Steam or microwave the potatoes until tender, about 15 minutes for steaming and 8 minutes for microwave. Let cool. Drizzle with a tablespoon or two of olive oil and sprinkle with salt and pepper.
Heat the olive oil in a small sauce pan over medium-high heat. When the oil is hot, fry the capers until they burst open about 1 minute. Drain on a paper towel lined plate.
Place the salmon (skin side down) on a parchment lined, rimmed baking sheet and slather it with 1/4 cup of dressing, set aside.
Place the salmon in the oven for 15 minutes.
Bring a small pot of water to a boil. Gently lower eggs, one at a time, into the boiling water. Continue to boil for 7 minutes. Remove pot from heat, place in sink, and slowly pour cold water over the eggs until cooled (this can take 5 minutes or more). Peel eggs. Cut in half.
Bring a small pot of water to a boil.
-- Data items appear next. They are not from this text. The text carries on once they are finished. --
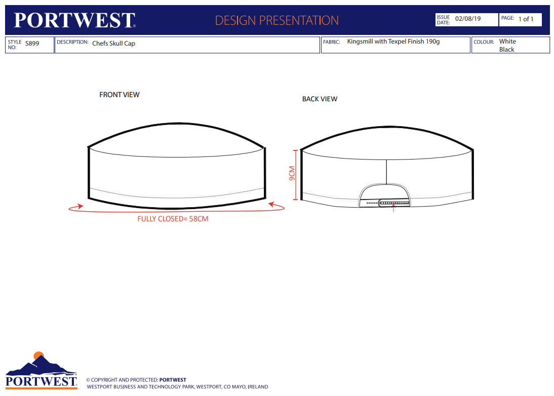 Portwest S899 Skull Kuchárska čiapka
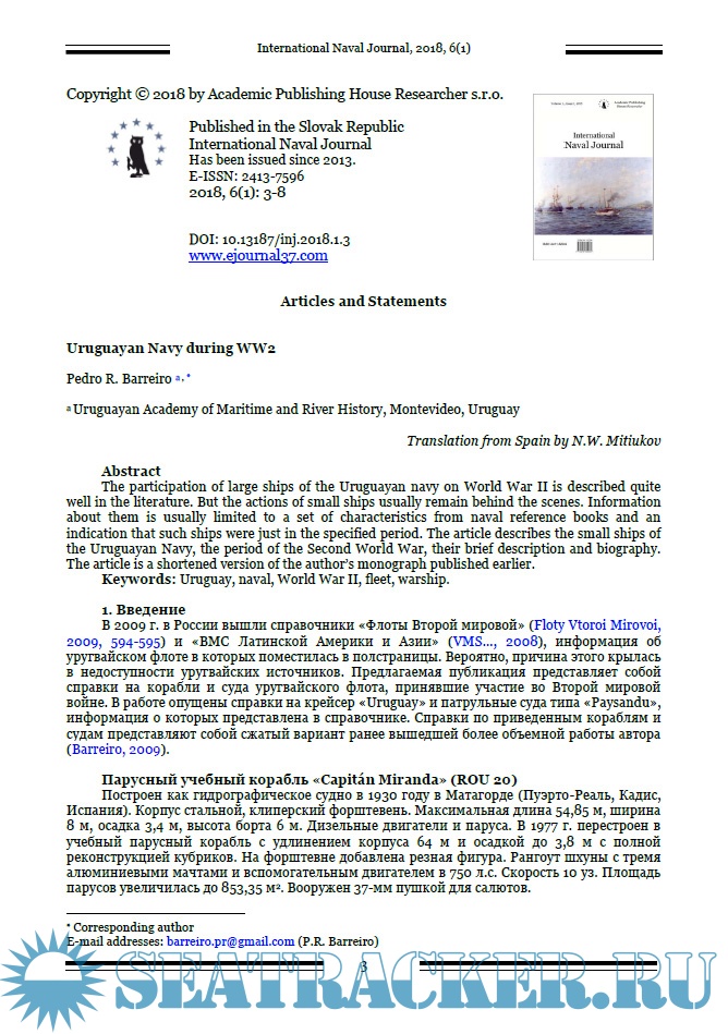 Год выпуска: 2018 Язык: Русский, Английский Автор: группа авторов Жанр: Периодическое издание (журнал) Формат: PDF Качество: Изначально компьютерное (eBook) Количество страниц: 90 Описание: Миссия журнала заключается в создании международной дискуссионной платформы в области военно-морской истории. В отличие от большинства авторитетных военно-морских исторических журналов, мы позиционируем себя в первую очередь как один из немногих научных журналов в этой области, что предполагает необходимые требования к структурированию работы, ее метаданным, библиографическому описанию, а также процедуре рецензирования.Журнал публикует материалы, статьи и краткие сообщения о результатах исследований в области военно-морской истории, на английском и русском языках. Выходные данные статьи на английском языке.
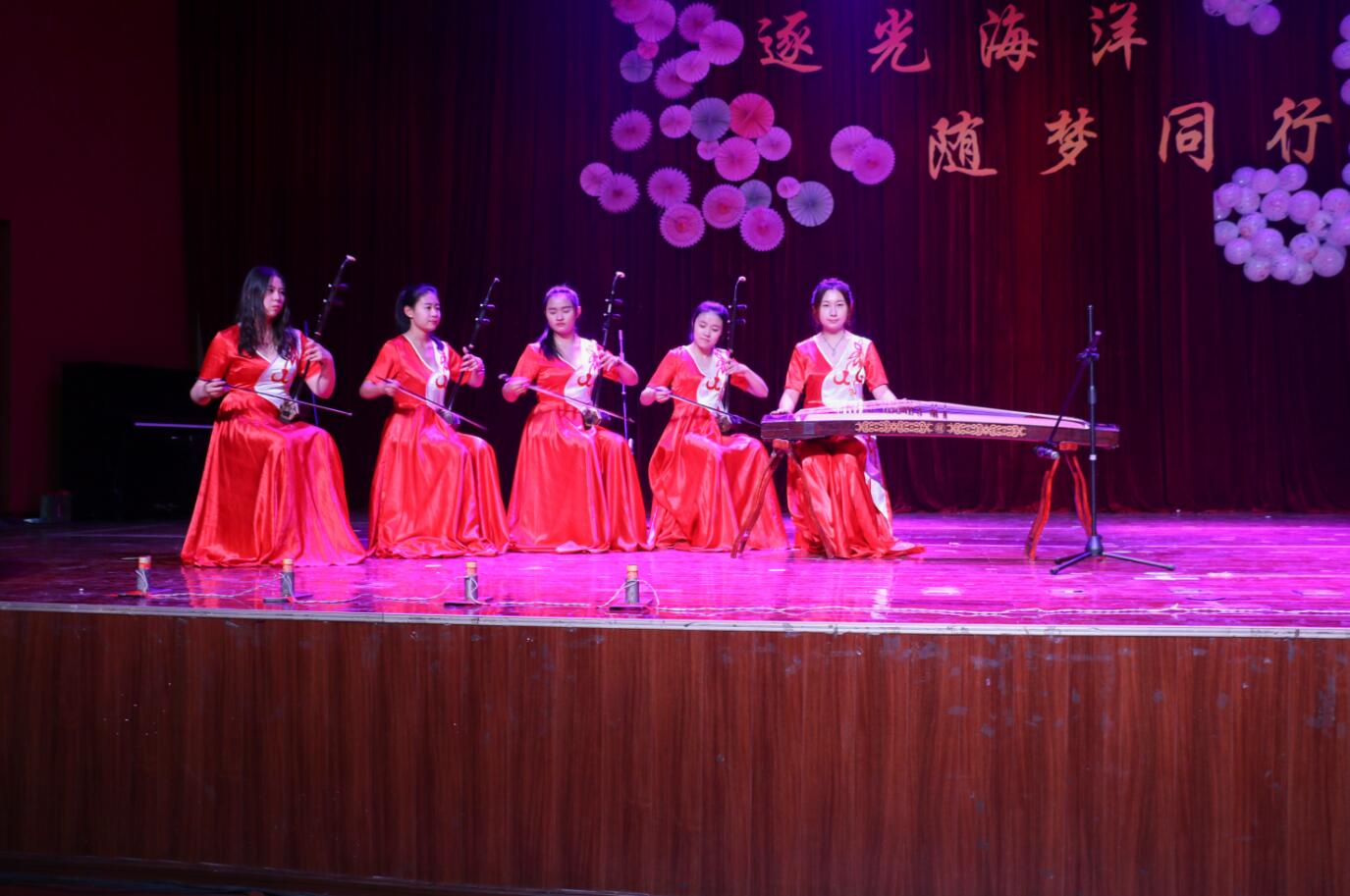 第二章的主题是“Calm”,寓意着海洋人心静如水,仍将勇往直前。校民乐团以一曲《战马奔腾》迅速点燃了观众的激情,大一新生反串版《白蛇前传》则让我们感受到了小鲜肉们的活力与精彩,蒲琳和贺琳两位同学演唱的《温柔》和《牵丝戏》诉说了别样的温情,而学院领导班子的配乐诗朗诵《长征颂》及老师们的小合唱《红旗飘飘》,更是令现场掌声此起彼伏。
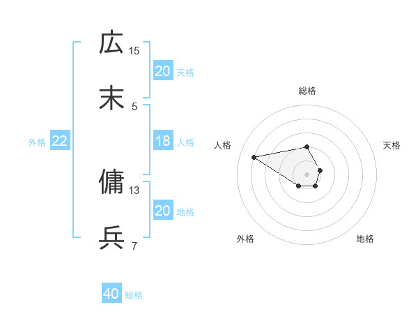 広末 傭兵さんの総格は40画の2点!
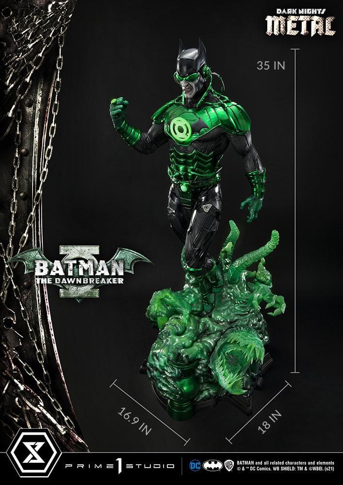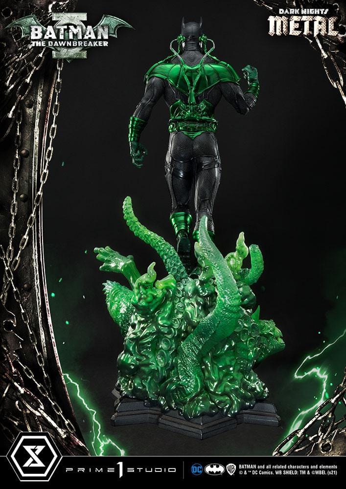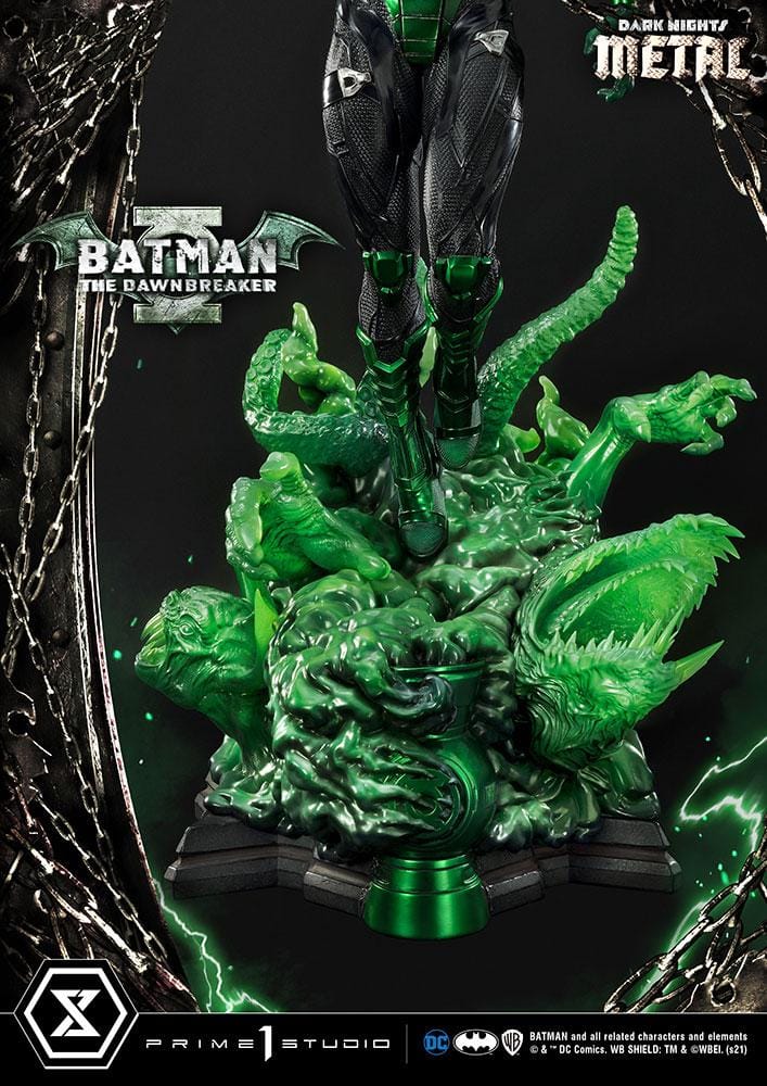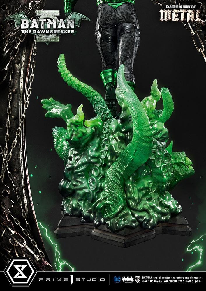 Prime 1 Studio’nun The Dawnbreaker heykeli, 35 inç yüksekliğinde, karanlık adaletini dağıtmaya hazır bir şekilde karşımızda! Heykel, Jason Fabok’un etkileyici Batman: The Dawnbreaker #1 kapağına bir gönderme niteliğinde; Earth-32’nin Bruce Wayne’inin altından fışkıran koyu yeşil enerjiyi tasvir ediyor. The Dawnbreaker’ın boya uygulaması, etkileyici derecede canlı, metalik yeşil vurgulara sahip. Kostümünün dokusal ve titizlikle detaylandırılmış heykeltıraşlığı, korkunç görünümünü daha da güçlendiriyor. Tabanı, yalnızca Barbatos’un Kara Şövalyesi’nin yaratabileceği korkunç yapılarla canlanıyor. The Dawnbreaker’ın karanlık enerji yaratıkları, yarı saydam yeşil reçineden yapılmış olup, korkunç formları vurgulamak için hava püskürtme tekniğiyle yapılmış vurgular ve gölgeler içeriyor.
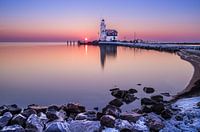 Vuurtoren bij zonsopkomst in Holland. De rode zon komt langzaam op achter de vuurtoren "Het Paard van Marken". Prachtige paarse, blauwe, en oranje kleuren verlichten de wolkeloze lucht. De weerspiegeling van de vuurtoren in het water, en de bevroren rotsen met een dun laagje ijs op de voorgrond vormen samen een prachtig…
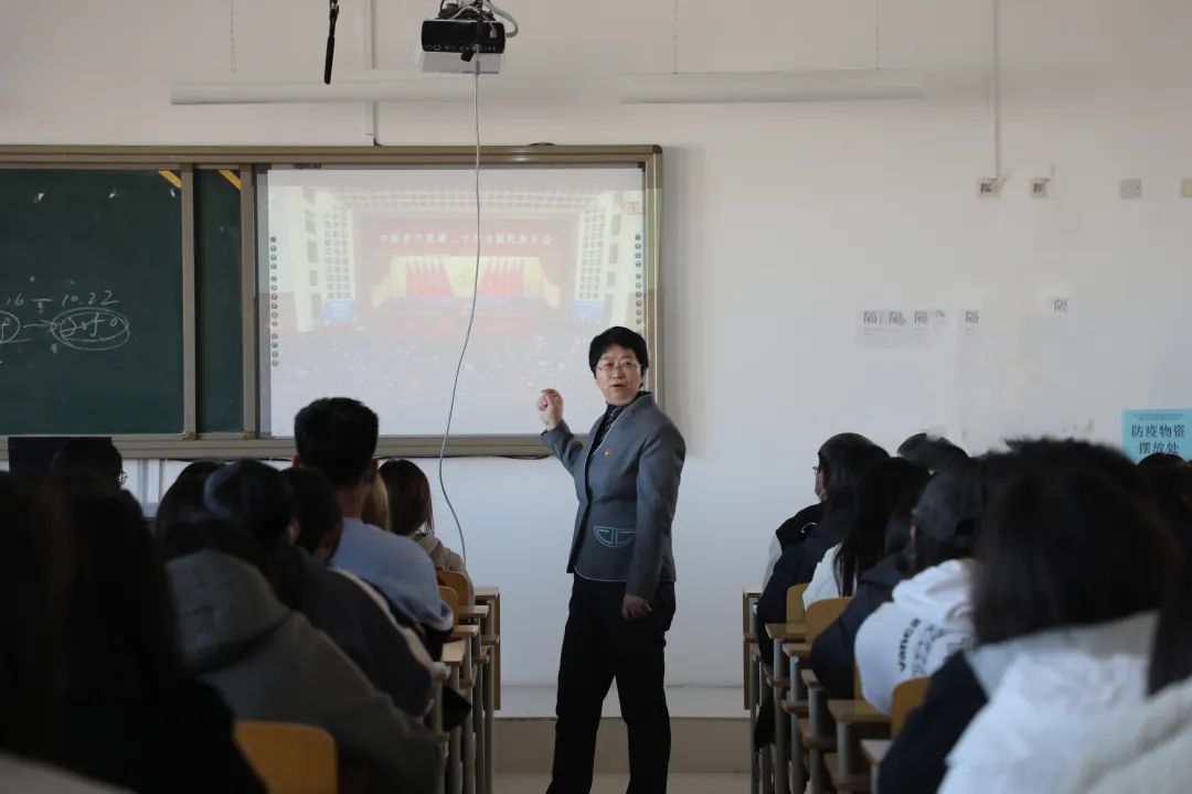 李春晖将学习贯彻党的二十大精神与形势政策讲座有机结合,用学生们喜欢的语言风格,引入大量事例和故事,围绕“成就”“思想”“使命”三个主题词,从大会概况、党的二十大报告主要内容、未来发展蓝图与使命担当等三个方面展开讲授,重点深入讲解了“五个牢牢把握”、国家安全以及青年人责任与担当等内容。引导学生更好地理解党的二十大主题,学习党的二十大报告内容,深刻领悟党的二十大精神的内涵实质。

Blanch the green beans in the boiling water until tender but still have a crunch to them, about 3 minutes.
When the salmon is cooked (flakes when separated with a fork) build your salads.
Place the mixed greens on a large platter, topped with the salmon, the fried capers, the green beans, potatoes, the six minute eggs, the olives and tomatoes.
Drizzle with the remaining dressing. Enjoy!